Responding to the e-commerce wake-up call

David Orgel
Principal, David Orgel Consulting

Sometimes it takes a crisis to realize you made smart investments ahead of time. 

The recent saga of Kroger is instructive for all food and drug retailers. The retail giant’s top executive recently reflected on how the company’s pre-pandemic investments in online shopping and related digital initiatives paid off during the COVID-19 crisis. Kroger’s digital sales almost doubled in its first quarter.

“We are more convinced than ever that we made the right decision to transform our business model when we did,” said Rodney McMullen, Kroger’s CEO, during the company’s recent annual meeting. 

He was referring to years of investments in e-commerce operations, including thousands of pickup and delivery locations. Moreover, the giant retailer is moving ahead with the building of automated customer fulfillment centers for e-commerce with its partner, U.K.-based Ocado.

“We continue to invest in and constantly improve our e-commerce capabilities,” he said.

Kroger’s experience underscores that building e-commerce capabilities is a long-term journey. It doesn’t work as well if you try to do the heavy lifting in the midst of a crisis. 
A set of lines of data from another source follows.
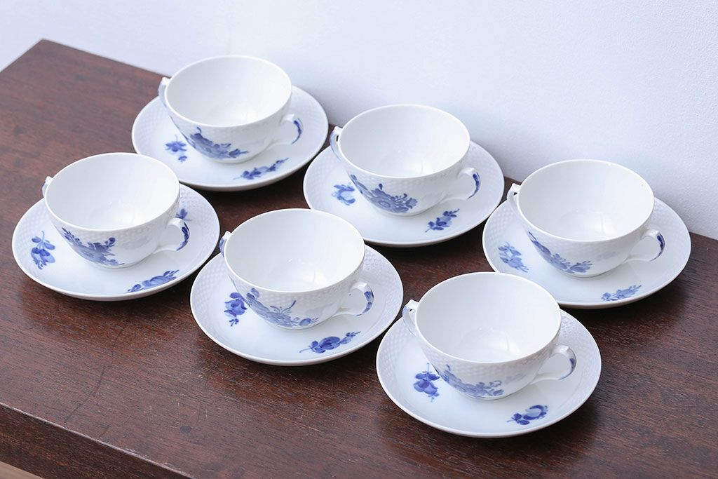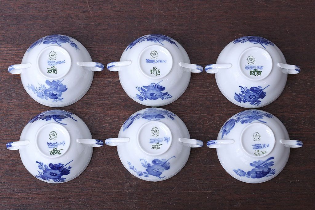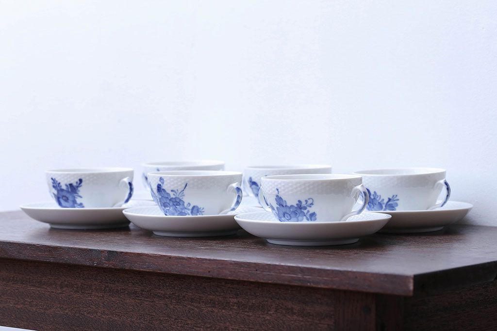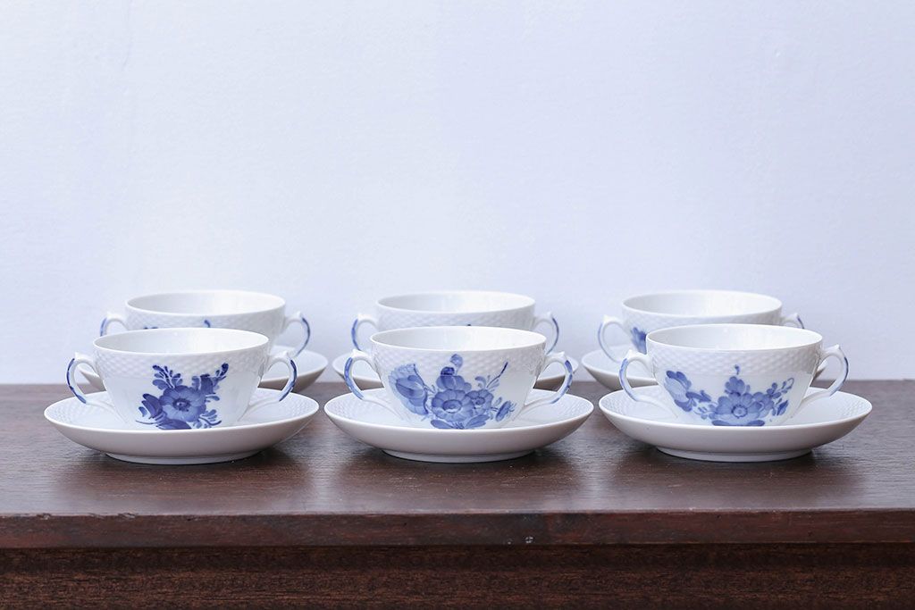 アンティーク雑貨 ロイヤルコペンハーゲン ブルーフラワーブレイデッド・スープカップ&ソーサー6客セット
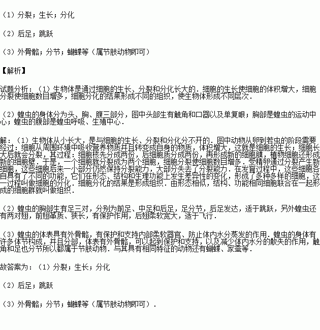 (1)圖中動(dòng)物從卵到若蟲的階段需要經(jīng)過:細(xì)胞的 和細(xì)胞的 過程使其細(xì)胞的數(shù)量和體積增加,再經(jīng)細(xì)胞的 形成不同組織.
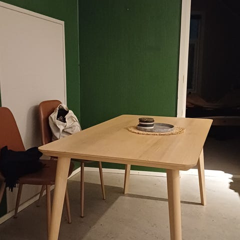 Selger bord og to stoler fra IKEA
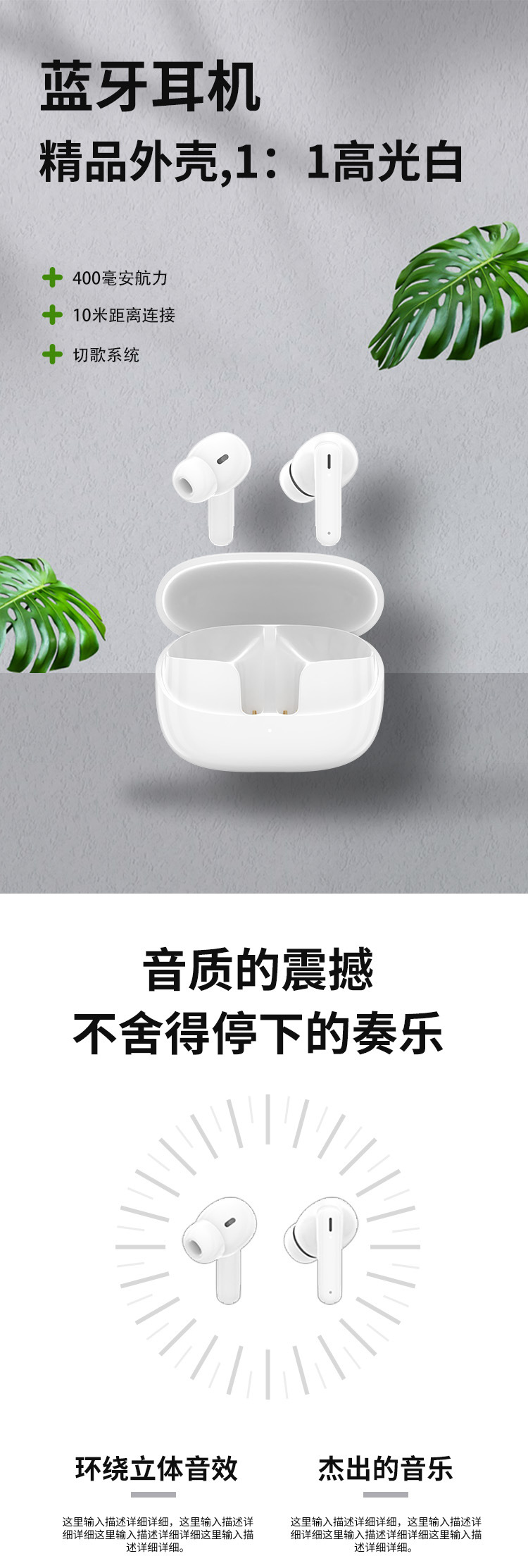고광택 흰색 블루투스 헤드셋 전체 귀 니켈 도금 충전식 ANC ENC 이중 소음 감소 큰 배터리 균형추 편안한 느낌스토어 가기

The latest data indicates shoppers are sticking with this mode of buying and relying on it even more. Online grocery sales, for example, reached $7.2 billion in June, a 9% increase from May, according to a Brick Meets Click/Mercatus Grocery Survey from late June. 

It’s time for retailers across food and drug to accelerate their e-commerce capabilities with new investments and initiatives. In fact, by increasing capacity, retailers are driving even more consumer usage, according to David Bishop, partner and research lead at Brick Meets Click.

How should retailers move forward with investments? Here are a few noteworthy examples of recent retail strategies:

  • Walgreens has added digital order-ahead drive-thru pickup, while offering new delivery options. It also has made investments in micro fulfillment centers and hybrid stores for its operation;
  • Stop & Shop said it would be adding new warerooms and pickup locations, and expanding its relationship with Instacart, in an effort to grow its e-commerce operations;
  • Albertsons, in a partnership with Takeoff Technologies, is opening micro-fulfillment centers that advance capabilities for click-and-collect and delivery services; and 
  • C&S Wholesale Grocers, the nation’s largest wholesale grocery supply company, is partnering with Instacart to enable e-commerce and same-day delivery for some 3,000 independent grocers.

The surge in e-commerce activity has led to bold statements about the future of online shopping. “The world as we know it has changed,” said Tim Steiner, CEO and founder of Ocado, in The Daily Mail Online on July 14. “We are confident that accelerated growth in the online channel will continue.”

Steiner may be right, but nothing is certain until it happens. There are some caveats for retailers. These include the need for realistic expectations about how quickly their initiatives will be truly profitable, and the importance of extensive testing to make sure systems work as they should. 

Another imperative is to evaluate and improve e-commerce customer experience because it hasn’t necessarily been that good during the crisis period. The Brick Meets Click/Mercatus research found the likelihood for a shopper to use a specific online grocery service again within the next 30 days is 57%, considerably below pre-pandemic levels.

“As grocers adopt or adapt e-commerce offerings to meet shopper demand, it’s imperative that they consider the entire customer journey in order to capture repeat shoppers,” said Sylvain Perrier, president and CEO of Mercatus.

Retailers have little choice but to grow online shopping capabilities. They need to react to increased customer demand. And even better than reacting will be to get ahead of future buying behaviors.